===== Available records
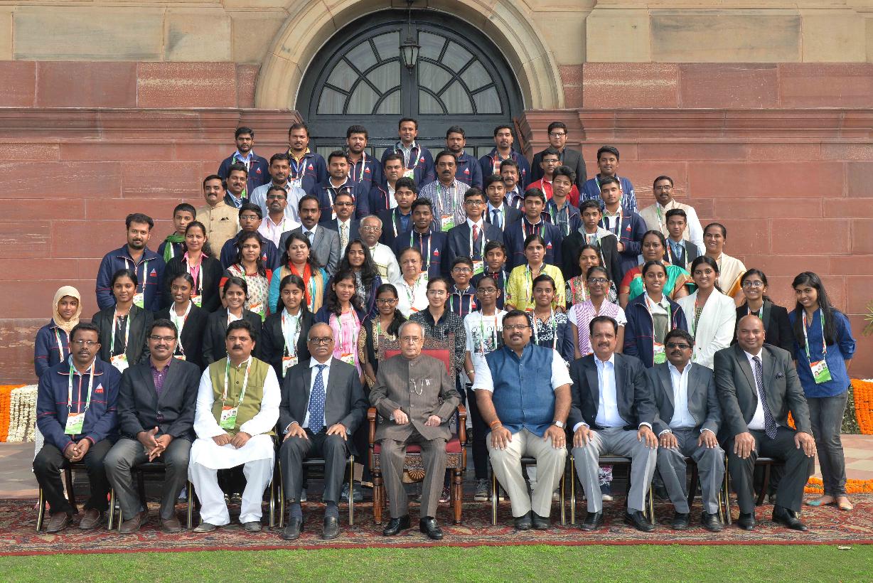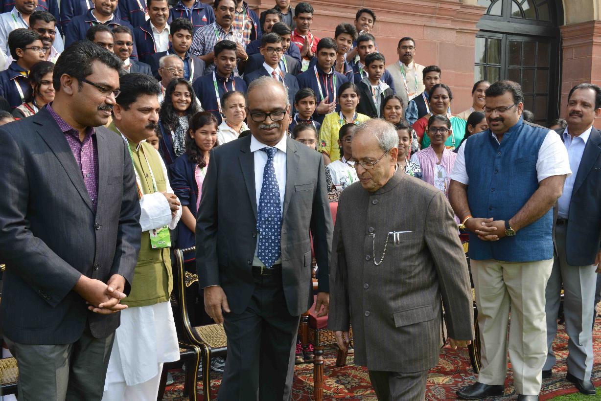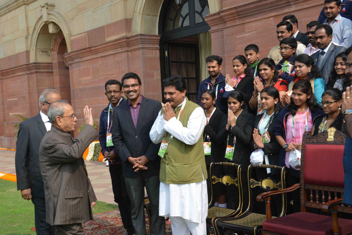 | Caption: | The President of India, Shri Pranab Mukherjee meeting with the students & teachers from UAE and Kerala attending the Programme 'Proud to be an Indian', organised by the Asianet News, Thiruvananthapuram, at Rashtrapati Bhavan on January 29, 2016. |
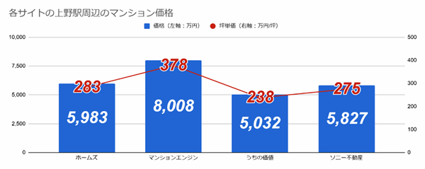 このように堅調に推移している上野駅の住宅価格ですが、さらにいくつかのマンションサイトを参考に、一般的なファミリー向けマンションの価格を調べてみました。一旦、ざっくり知るために築年数や最寄り駅までの距離は考慮外としています。
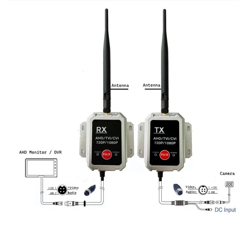 ワイヤレスからAHD有線カメラシステムを可能にする1080Pワイヤレス送信機/受信機!
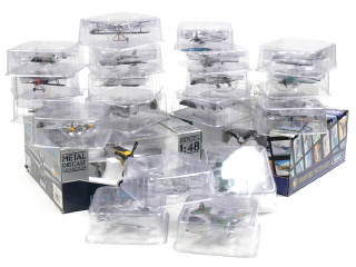 on y retrouve les appareils : LOCKHEED P38 LIGHTNING, REPUBLIC F84, ALPHA JET, F22 RAPTOR, HEINKEL HE111, F-104 STARFIGHTER, MITSUBISHI ZERO, HAWKER HUNTER, DE HAVILLAND MOSQUITO, FB MKVI, F4F WILDCAT, CASA C101, BAe HAWK, JUNKERS JU87 STUKA, AICHID3A1 type 99 VAL, GRUMMAN INTRUDER, NEWPORT 28, ILYUSHIN IL.II SHTURMOVIK, F/P80, SOPWITH CAMEL (une roue désolidarisée d'origine) & SUPER ETENDARD - on y joint un MESSERSCHMITT BF 109 & un REPUBLIC P-47D THUNDERBOLT de la marque ARMOUR COLLECTION à l'échelle 1/48ème
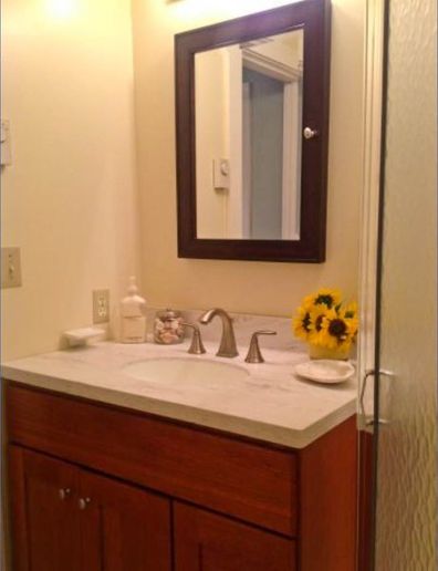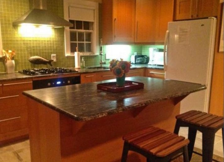 There is an eat in kitchen, a den with double futon and a bath with shower.
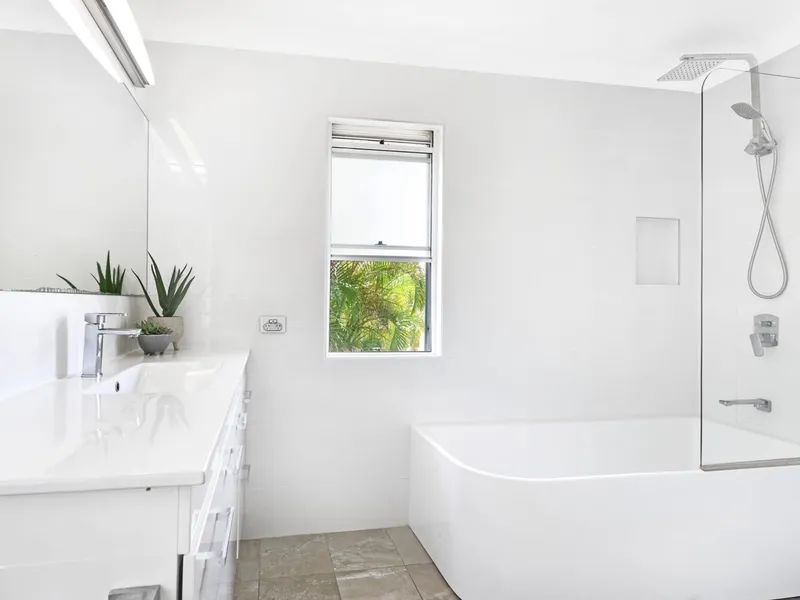The open plan living and dining area creates a bright and welcoming central hub, filled with natural light and enhanced by ceiling fans for year round comfort. The modern kitchen is well appointed with sleek stone benchtops, a dishwasher and practical storage, making it ideal for both everyday living and entertaining.
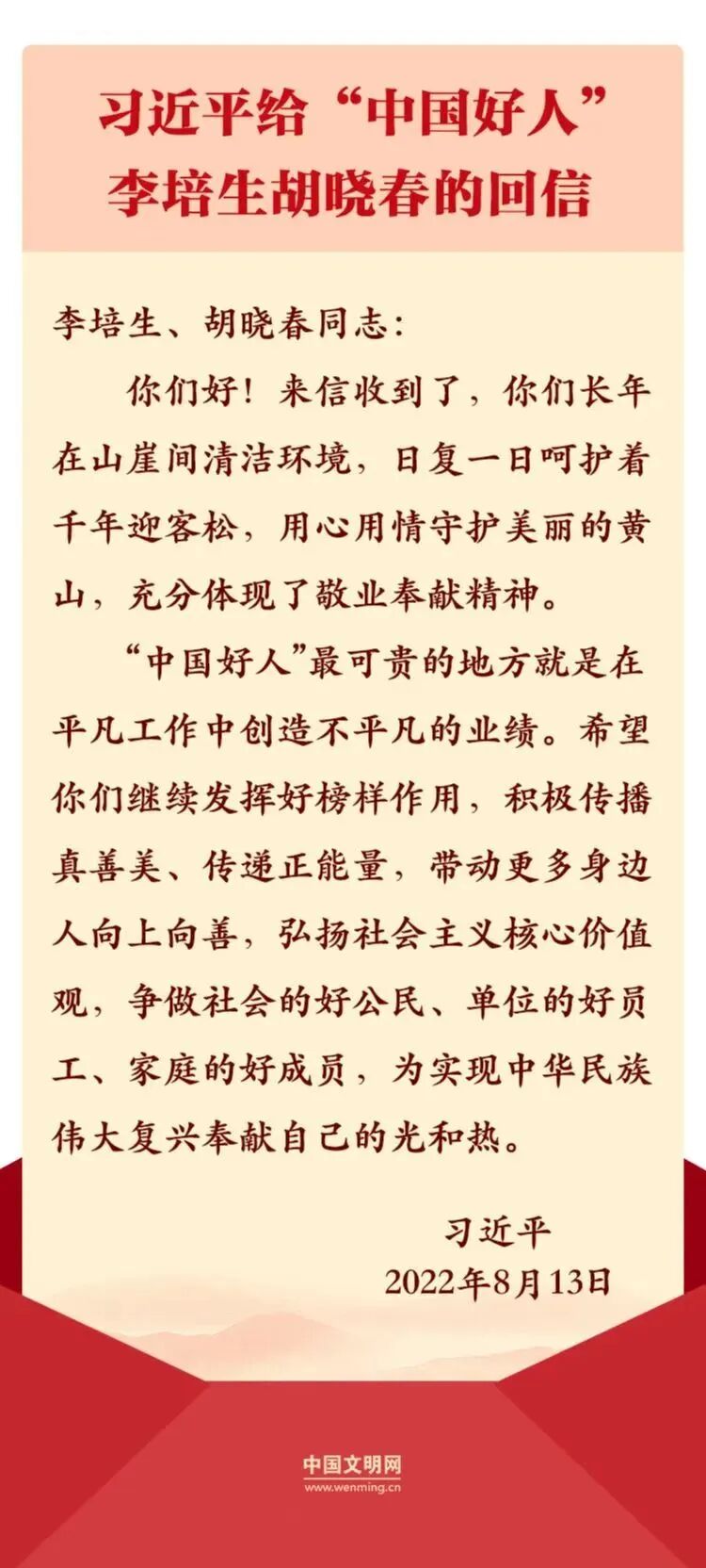 8月13日,中共中央总书记、国家主席、中央军委主席习近平给安徽黄山风景区工作人员李培生、胡晓春回信,对他们继续发挥“中国好人”榜样作用提出殷切期望。
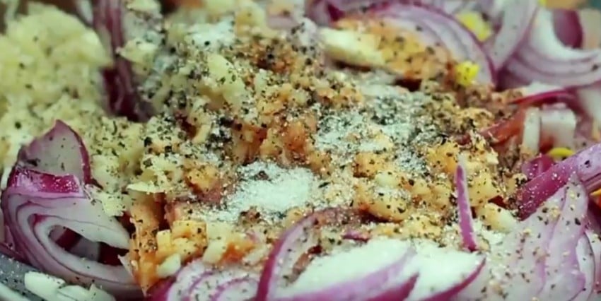 - Вынуть кусочки из маринада, промыть. Выложить их в глубокую емкость одним слоем, на него один слой лука, поперчить, полить 3 ст. л. подсолнечного масла.
==========
» Task requirements
In the copy, include exactly the lines from the one containing "on y retrouve" through the last line of the records, and no pictures or other text.

» Reply
 on y retrouve les appareils : LOCKHEED P38 LIGHTNING, REPUBLIC F84, ALPHA JET, F22 RAPTOR, HEINKEL HE111, F-104 STARFIGHTER, MITSUBISHI ZERO, HAWKER HUNTER, DE HAVILLAND MOSQUITO, FB MKVI, F4F WILDCAT, CASA C101, BAe HAWK, JUNKERS JU87 STUKA, AICHID3A1 type 99 VAL, GRUMMAN INTRUDER, NEWPORT 28, ILYUSHIN IL.II SHTURMOVIK, F/P80, SOPWITH CAMEL (une roue désolidarisée d'origine) & SUPER ETENDARD - on y joint un MESSERSCHMITT BF 109 & un REPUBLIC P-47D THUNDERBOLT de la marque ARMOUR COLLECTION à l'échelle 1/48ème
 There is an eat in kitchen, a den with double futon and a bath with shower.
The open plan living and dining area creates a bright and welcoming central hub, filled with natural light and enhanced by ceiling fans for year round comfort. The modern kitchen is well appointed with sleek stone benchtops, a dishwasher and practical storage, making it ideal for both everyday living and entertaining.
 8月13日,中共中央总书记、国家主席、中央军委主席习近平给安徽黄山风景区工作人员李培生、胡晓春回信,对他们继续发挥“中国好人”榜样作用提出殷切期望。
 - Вынуть кусочки из маринада, промыть. Выложить их в глубокую емкость одним слоем, на него один слой лука, поперчить, полить 3 ст. л. подсолнечного масла.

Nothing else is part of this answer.